[[ Part 1- Adele's Diary ]]

School life sucks. Ever have that feeling? Well I do. Everyday. I guess the only thing good about it is when it ends. Ok. So you think that's a very lame answer, but it's true. It is and there's nothing that you can say or do to convince me that school is worth the time and effort that we mindless students put in to it. What the heck. I'm talking to a diary as if it is alive. Something is seriously wrong with me. I'm fine with the whole keeping a diary thing, where you write all your thoughts and hopes and dreams down, but when I start to think that it's a real person who can talk to me? Well they are probably the first signs of insanity. Will go and ask Mum... on second thoughts no. Just because she's a psychiatrist, does not mean that I go to her with every fleeting thought I have about being insane. The last time I did that, which was only yesterday (cringe), she sat me down and gave me the whole lecture about insanity: "Adele, darling. You are not insane. If you believe you are, then of course you will be. So don't think about it sweetie." And all of that in the sweet sickening voice she uses with her patients. Honestly. Why won't she treat me like a DAUGHTER? Is it that difficult to be a responsible parent? The only 'good' thing she's ever done for me, is give me this diary, telling me to record events, write my thoughts, whatever. So here goes. Here's my record of events.

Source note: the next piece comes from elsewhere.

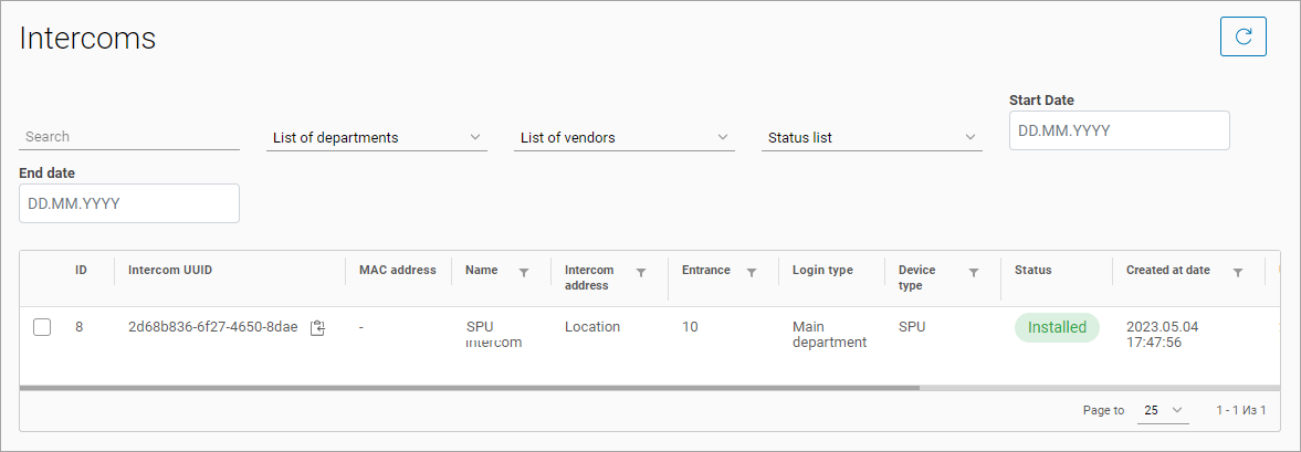 The table also provides a search function for intercoms:

Today I started at that new school. Everyone else knows everyone else and I'm sitting on the bus like a loner. Wait. Not like a loner. Just loner. That's what I was. A loner. We got an assignment thing today, of all days. A debate. Great. Just what I need. Another chance to totally ruin any chance of making any friends. So I got put into this group with a professional tongue wrestler, a bitch and an airhead. Great beginning to a new school. Looking at those sorts of people, why do I get the feeling that I'm going to be doing all the work? And then I'll get all the blame when we stuff the whole thing. Just because I came from a snotty private school, I'm considered smart. My mum and dad only wish. Just because I have smart arse parents does not mean that I have inherited that smart gene, or whatever it is that makes you smart. Oh yeah, your brain. See what I mean?
Ick. Since I don't really want to depress myself any further, I am about to contemplate the use of this diary, which Mum says is supposed to help me out of depression. I guess this proves that my mum isn't as a good a psychiatrist as I think she is, or I'm just have a very severe case of depression. That's one of the topics I know (now) never, ever to bring up with Mum. I learnt that at a very young age, when I came home from school after hearing one of the older kids talking about depression. "What's depression, Mummy?" I had asked innocently. I remember Mum's whole face change to show five different emotions in 1 second. First there was concern, fear, anger, confusion then lastly worry. The concern and worry are not the same, just to clarify. I still remember what she told me. "Honey, you do not need to know about depression. It doesn't exist in our society." Now, I live in a constant fear or what would happen if Mum found out the severity of my condition. OK. It isn't as bad as it sounds. It's probably only those mood swings that come with puberty. It just sounds so much more severe when you call it depression, don't you think. (Talk about going insane.)
To be on the safe side, I think that I should just quit writing stupid things in this diary and consider whether or not I will write more tomorrow or something.